=== Available records ===

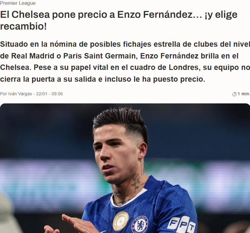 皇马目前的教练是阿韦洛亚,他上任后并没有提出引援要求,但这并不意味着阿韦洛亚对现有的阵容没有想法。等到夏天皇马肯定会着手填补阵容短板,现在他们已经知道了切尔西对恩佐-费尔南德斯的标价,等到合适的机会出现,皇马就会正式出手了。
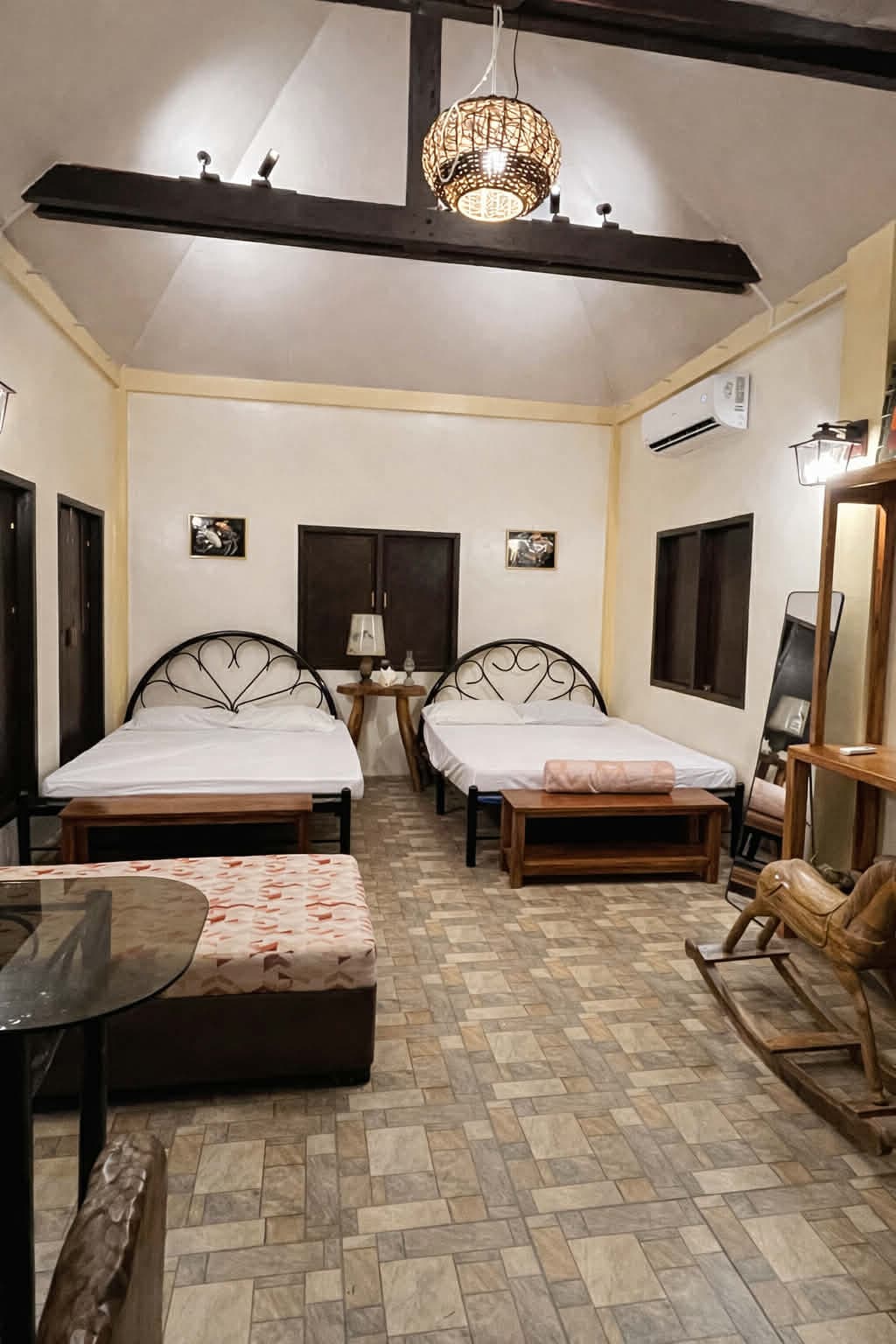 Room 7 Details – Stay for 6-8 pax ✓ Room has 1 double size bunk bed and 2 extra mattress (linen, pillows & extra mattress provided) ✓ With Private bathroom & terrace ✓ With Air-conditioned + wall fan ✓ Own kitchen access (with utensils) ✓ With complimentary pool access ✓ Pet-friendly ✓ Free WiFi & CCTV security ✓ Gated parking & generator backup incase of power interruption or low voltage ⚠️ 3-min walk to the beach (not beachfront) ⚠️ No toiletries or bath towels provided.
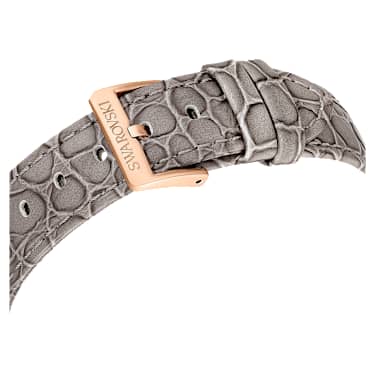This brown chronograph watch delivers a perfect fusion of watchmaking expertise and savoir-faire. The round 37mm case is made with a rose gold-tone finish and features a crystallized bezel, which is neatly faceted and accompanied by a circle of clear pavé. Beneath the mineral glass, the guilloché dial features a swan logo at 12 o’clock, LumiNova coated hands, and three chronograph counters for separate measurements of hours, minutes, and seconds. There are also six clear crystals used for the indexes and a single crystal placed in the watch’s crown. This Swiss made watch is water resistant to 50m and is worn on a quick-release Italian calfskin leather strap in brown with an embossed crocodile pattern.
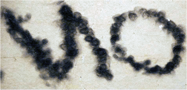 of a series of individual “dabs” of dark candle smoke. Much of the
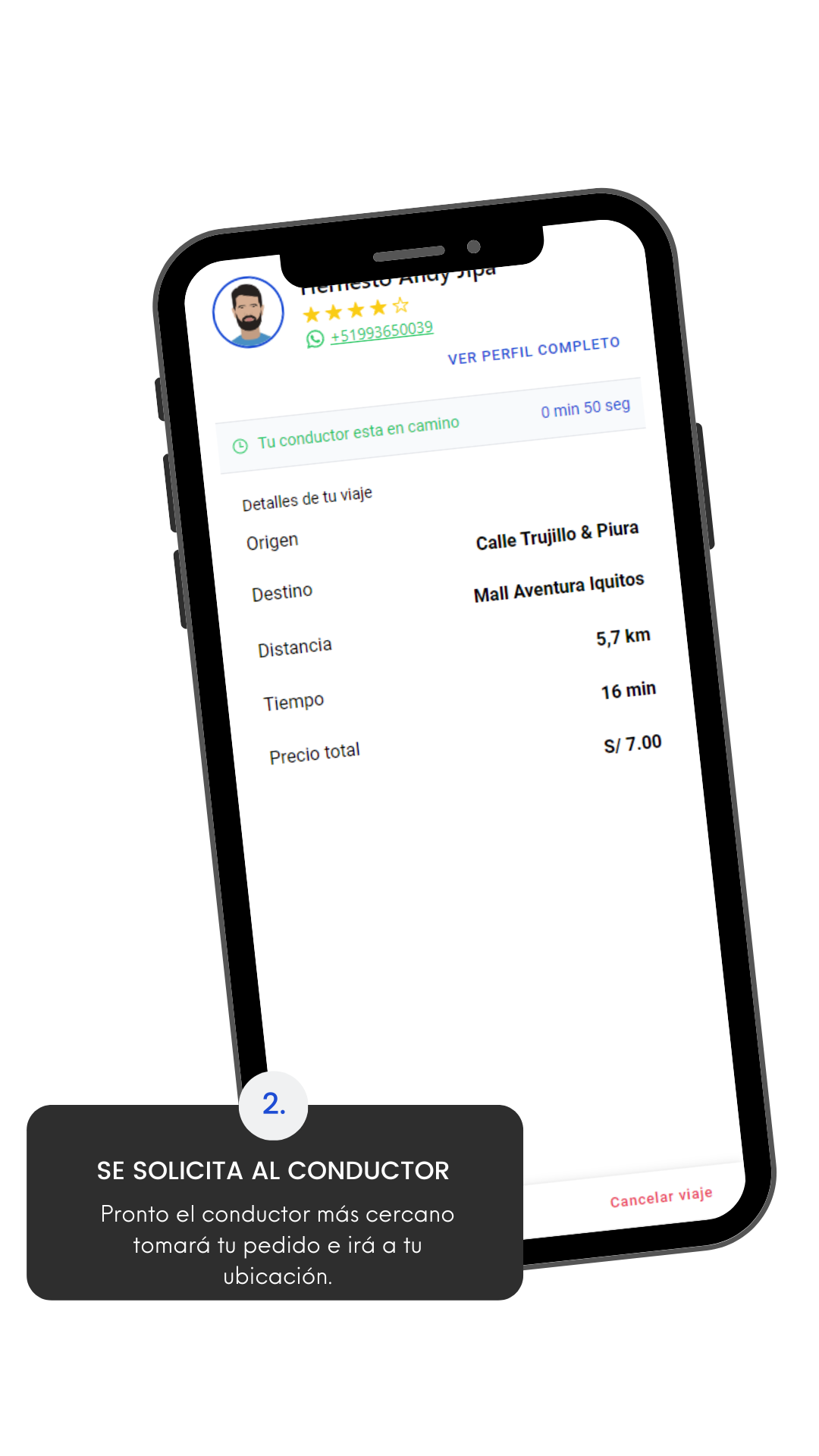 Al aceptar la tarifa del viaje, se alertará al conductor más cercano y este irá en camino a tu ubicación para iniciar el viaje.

===

» Prompt
Transcribe exactly the lines that run from the first line of the records above through the line with "Room 7 Details", and include both of those lines; pictures stay out.

» Task output
 皇马目前的教练是阿韦洛亚,他上任后并没有提出引援要求,但这并不意味着阿韦洛亚对现有的阵容没有想法。等到夏天皇马肯定会着手填补阵容短板,现在他们已经知道了切尔西对恩佐-费尔南德斯的标价,等到合适的机会出现,皇马就会正式出手了。
 Room 7 Details – Stay for 6-8 pax ✓ Room has 1 double size bunk bed and 2 extra mattress (linen, pillows & extra mattress provided) ✓ With Private bathroom & terrace ✓ With Air-conditioned + wall fan ✓ Own kitchen access (with utensils) ✓ With complimentary pool access ✓ Pet-friendly ✓ Free WiFi & CCTV security ✓ Gated parking & generator backup incase of power interruption or low voltage ⚠️ 3-min walk to the beach (not beachfront) ⚠️ No toiletries or bath towels provided.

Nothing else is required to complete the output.